The undersigned hereby provides the following information to the Company and
represents and warrants that such information is accurate:

                                  QUESTIONNAIRE

1. NAME.

     (a)  Full Legal Name of Selling Securityholder

          ______________________________________________________________________

     (b)  Full Legal Name of Registered Holder (if not the same as (a) above)
          through which Registrable Securities Listed in Item 3 below are held:

          ______________________________________________________________________

     (c)  Full Legal Name of Natural Control Person (which means a natural
          person who directly or indirectly alone or with others has power to
          vote or dispose of the securities covered by the questionnaire):

          ______________________________________________________________________

2. ADDRESS FOR NOTICES TO SELLING SECURITYHOLDER:

________________________________________________________________________________
________________________________________________________________________________
________________________________________________________________________________

   Telephone:___________________________________________________________________
   Fax:_________________________________________________________________________
   Contact Person:______________________________________________________________

3. BENEFICIAL OWNERSHIP OF REGISTRABLE SECURITIES:

     (a)  Type and Number of Registrable Securities beneficially owned:

          ______________________________________________________________________
          ______________________________________________________________________
          ______________________________________________________________________

                                       21

<PAGE>

4. BROKER-DEALER STATUS:

     (a)  Are you a broker-dealer?

                                 Yes [ ]   No [ ]

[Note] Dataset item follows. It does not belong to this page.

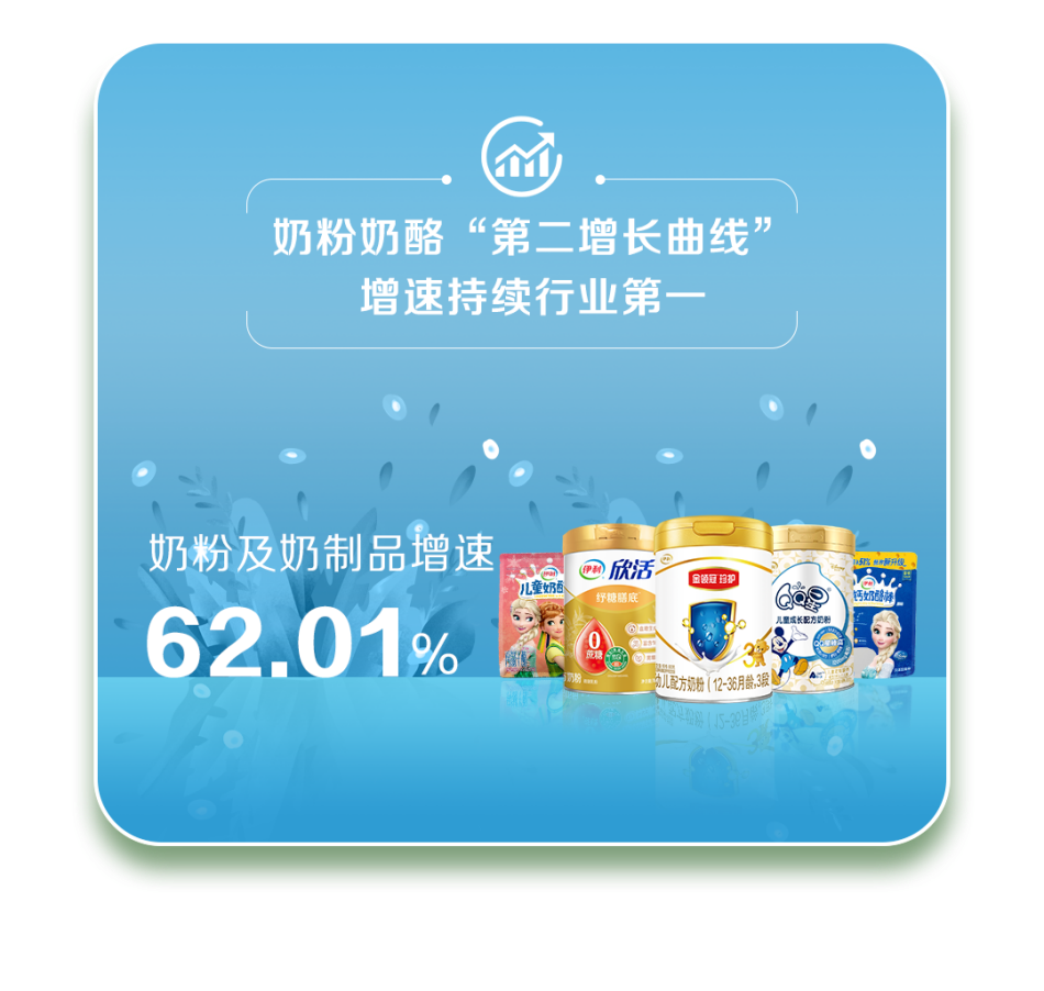 伊利持续培育有机乳品、乳及植物基营养品、奶酪、天然矿泉水等高增长业务,推动相关战略举措落地,以上业务同比增速超20%。

     (b)  If "yes" to Section 4(a), did you receive your Registrable Securities
          as compensation for investment banking services to the Company.

                                 Yes [ ]   No [ ]

     Note: If no, the Commission's staff has indicated that you should be
          identified as an underwriter in the Registration Statement.

     (c)  Are you an affiliate of a broker-dealer?

                                 Yes [ ]   No [ ]

     (d)  If you are an affiliate of a broker-dealer, do you certify that you
          bought the Registrable Securities in the ordinary course of business,
          and at the time of the purchase of the Registrable Securities to be
          resold, you had no agreements or understandings, directly or
          indirectly, with any person to distribute the Registrable Securities?

                                 Yes [ ]   No [ ]

     Note: If no, the Commission's staff has indicated that you should be
          identified as an underwriter in the Registration Statement.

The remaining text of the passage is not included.